The following conditions will be assumed for Equation (5):

Initial condition:

$T\left(x,y,0\right)=f\left(x,y\right)=x\left(a-x\right)y\left(b-y\right),T_{\tau }\left(x,y,0\right)=0,\left(x,y\right)\in D$ , (6)

Boundary condition:

$T\left(0,y,\tau \right)=T\left(a,y,\tau \right)=0$ , (7)

$T\left(x,0,\tau \right)=T\left(x,b,\tau \right)=0$ ,

$0\le x\le a$ , $0\le y\le b$ , $\tau >0$ .

Equation (5) with the given initial (6) and boundary conditions (7) will be solved by the Fourier method of separation of variables, i.e. the analytical solution will be sought in the form:

$T\left(x,y,\tau \right)=X\left(x\right)\cdot Y\left(y\right)\cdot \Psi \left(\tau \right)$ , (8)

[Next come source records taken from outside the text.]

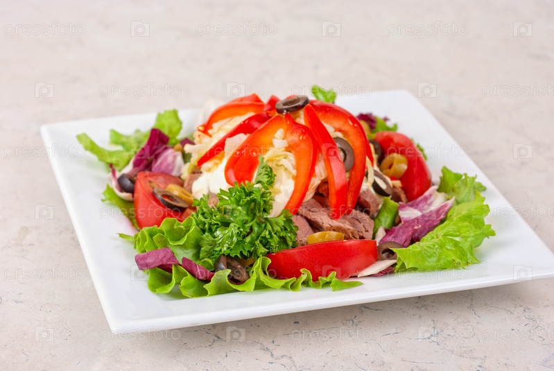 Острый салат из жареной говядины с картофелем, помидорами, капустой, перцем и листьями салата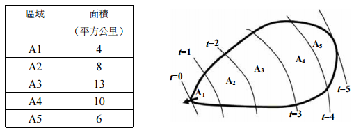 【已刪除】三、一集水區之等時線(isochrones,以小時計)如下圖所示。相鄰兩等時線間之集水面 積如下表。不考慮集水區地表之蓄水效應,計算該集水區三小時延時,1 公分有效降 雨之單位歷線(以立方米/秒表之)。(20 分)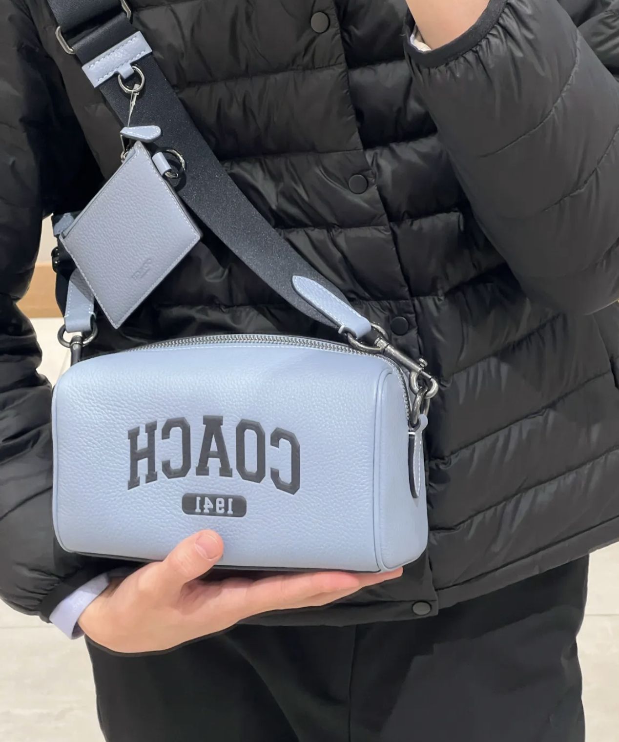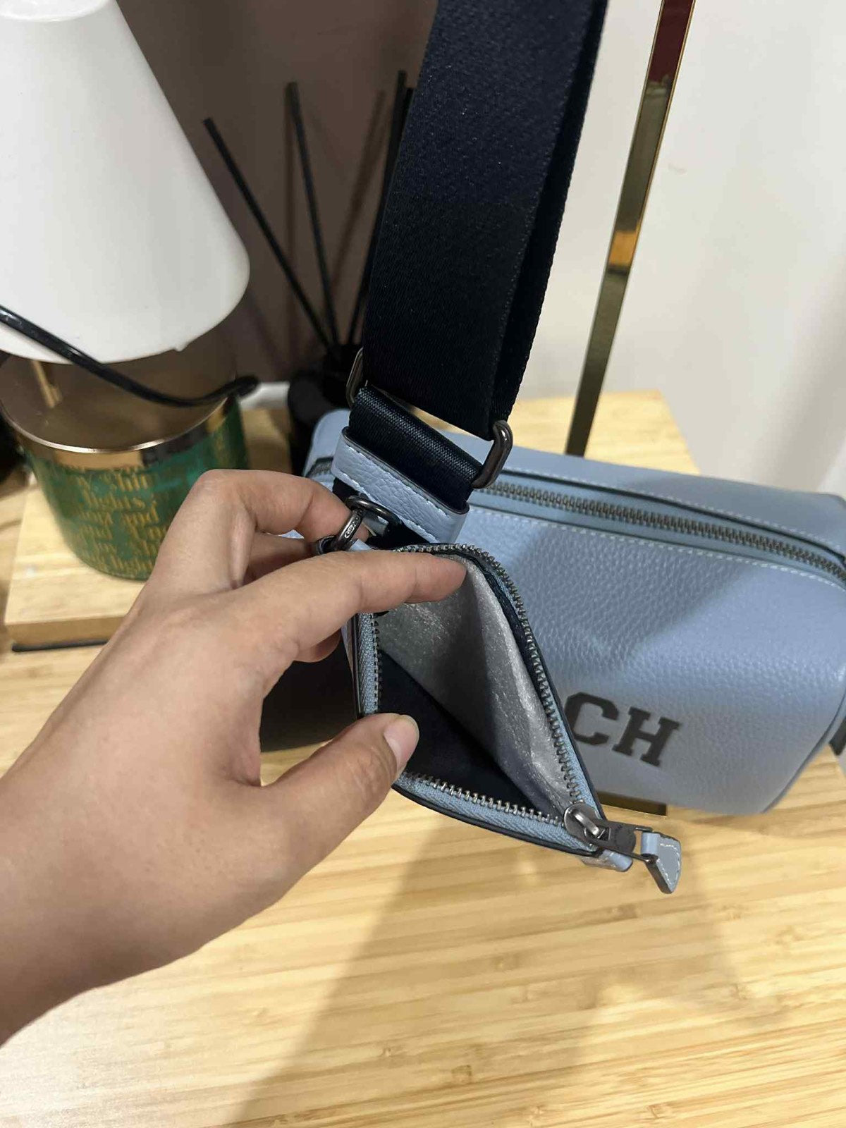 ORIG Preloved COACH Axel Crossbody With Varsity with small wallet Blue Men Bag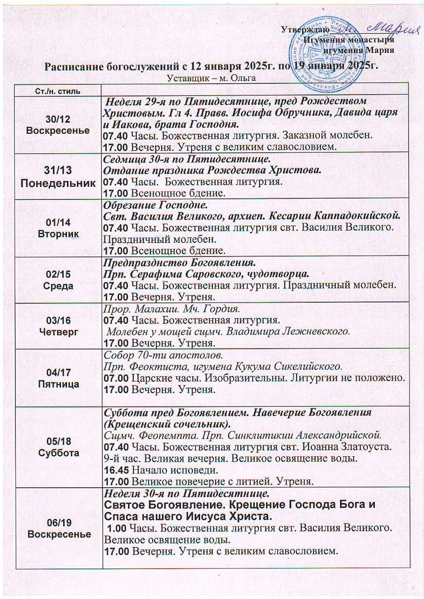 12-19.01. Расписание богослужений в Введенском женском монастыре

and by substituting into Equation (5), we get:

$\frac{X\text{'}\text{'}}{X}+\frac{Y\text{'}\text{'}}{Y}=\frac{{\tau }^{\ast }}{k}\frac{\Psi \text{'}\text{'}}{\psi }+\frac{1}{k}\frac{\Psi \text{'}}{\Psi },$

i.e.

$\frac{X\text{'}\text{'}}{X}=-{\alpha }^2$ , (9)

$\frac{Y\text{'}\text{'}}{Y}=-{\beta }^2$ , (10)

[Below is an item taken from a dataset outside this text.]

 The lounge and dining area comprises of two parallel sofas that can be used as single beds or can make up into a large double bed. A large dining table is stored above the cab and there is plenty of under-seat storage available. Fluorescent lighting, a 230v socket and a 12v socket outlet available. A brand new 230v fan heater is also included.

$\frac{{\tau }^{\ast }}{k}\frac{\Psi \text{'}\text{'}}{\psi }+\frac{1}{k}\frac{\Psi \text{'}}{\Psi }=-{\gamma }^2$ , (11)

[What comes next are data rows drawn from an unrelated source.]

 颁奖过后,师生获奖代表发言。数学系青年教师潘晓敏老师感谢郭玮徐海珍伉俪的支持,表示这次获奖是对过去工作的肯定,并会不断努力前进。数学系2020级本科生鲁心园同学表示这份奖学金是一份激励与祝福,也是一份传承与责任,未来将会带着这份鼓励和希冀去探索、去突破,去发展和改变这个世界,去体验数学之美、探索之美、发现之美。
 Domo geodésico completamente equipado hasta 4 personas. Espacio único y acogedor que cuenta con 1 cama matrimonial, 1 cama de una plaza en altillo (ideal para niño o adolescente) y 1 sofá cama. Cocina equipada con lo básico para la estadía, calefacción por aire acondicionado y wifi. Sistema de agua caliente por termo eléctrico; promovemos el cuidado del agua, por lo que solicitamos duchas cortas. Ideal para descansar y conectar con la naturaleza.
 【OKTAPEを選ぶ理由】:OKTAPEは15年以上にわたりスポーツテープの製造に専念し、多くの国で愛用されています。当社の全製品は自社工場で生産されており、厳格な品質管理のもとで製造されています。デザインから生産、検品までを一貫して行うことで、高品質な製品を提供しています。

whereas ${\gamma }^2={\alpha }^2+{\beta }^2$ .

From Equations (9)-(11), three equations are obtained:

$X\text{'}\text{'}+{\alpha }^{2}X=0$ , (12)

$Y\text{'}\text{'}+{\beta }^{2}Y=0$ , (13)

${\tau }^{\ast }\Psi \text{'}\text{'}+\Psi \text{'}+k{\gamma }^2\Psi =0$ . (14)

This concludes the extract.